Итак, нашей малютке предстояло стать артисткой. Увы! впоследствии мне не раз пришлось пожалеть об этом решении, и я готов был предпочесть, чтобы дочь моя умерла, так и не выйдя на подмостки, чем ослепила бы своей поразительной красотой всех, кто ее увидел в свете огней театральной рампы.
По просьбе моей возлюбленной супруги я начал обучение малышки Баб театральному искусству с самых младых лет. Ей было, наверное, не более восьми, когда я в присутствии матери дал ей первый урок. О, я прекрасно помню, как это было! Под моим руководством она целую неделю репетировала маленькие сценки, а затем я назначил день, когда она должна была сыграть перед нами всю пьесу.
В ее годы мы, разумеется, не ждали увидеть ничего выдающегося. То была всего-навсего небольшая проба, просто с целью выяснить, есть ли у ребенка природный дар к сцене. Я с тщанием выбрал небольшую пьеску со множеством положений и ситуаций. Патетика, гнев, печаль — все чувства были тонко выражены в роли, которую я назначил нашей малютке.

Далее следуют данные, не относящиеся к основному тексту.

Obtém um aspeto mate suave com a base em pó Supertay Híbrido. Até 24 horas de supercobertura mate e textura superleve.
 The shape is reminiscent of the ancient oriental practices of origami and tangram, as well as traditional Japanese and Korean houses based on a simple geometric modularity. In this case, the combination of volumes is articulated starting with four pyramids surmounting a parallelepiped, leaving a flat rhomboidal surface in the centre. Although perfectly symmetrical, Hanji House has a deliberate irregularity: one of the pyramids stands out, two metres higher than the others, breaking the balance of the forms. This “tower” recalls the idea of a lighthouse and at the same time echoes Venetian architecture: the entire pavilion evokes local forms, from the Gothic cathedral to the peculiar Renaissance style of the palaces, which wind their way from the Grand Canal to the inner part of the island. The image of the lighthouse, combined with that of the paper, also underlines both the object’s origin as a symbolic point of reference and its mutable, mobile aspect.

В пьесе значилось всего лишь две роли: я начал играть свою и со смешанным чувством ждал дебюта дитя-артистки. Глядя на Грейс, сидящую в другом конце комнаты, я не мог сдержать улыбки удовлетворения, заметив в ее чертах возбуждение, придавшее щекам оттенок, какой я так давно не видел на ее бледном и бескровном лице.
Миниатюрный спектакль блестяще начался и завершился полным триумфом нашей маленькой актрисы. То, что она оказалась куда более способной, чем бывает в ее годы, у нас более не вызывало сомнений. Ее дар перевоплощения был столь явен, умение направлять голос столь бесспорно, что пришлось увериться: она унаследовала свое искусство от матери.
— У нее есть дар, и она будет очень красива.
Вот что сказала Грейс, когда наша малышка, положив свою бедную усталую головку на подушку, заснула крепким сном.
Прошло еще два года, не отмеченных особенными событиями, а затем наступил величайший перелом во всей моей жизни.
Бремя ответственности и упорный труд постепенно позволили мне достичь высот в моем ремесле. Об актере Джеффри Хите начали говорить гораздо более прежнего. Я долго дожидался подходящей возможности сделать "свой прорыв" в большое искусство, в которое был столь страстно влюблен. И вот эта возможность представилась — совершенно внезапно и непредвиденно, как это часто и бывает. Я только что заключил долгосрочный контракт с одним лондонским импресарио, и через пару дней мне предстояло уехать с его труппой на гастроли в провинцию.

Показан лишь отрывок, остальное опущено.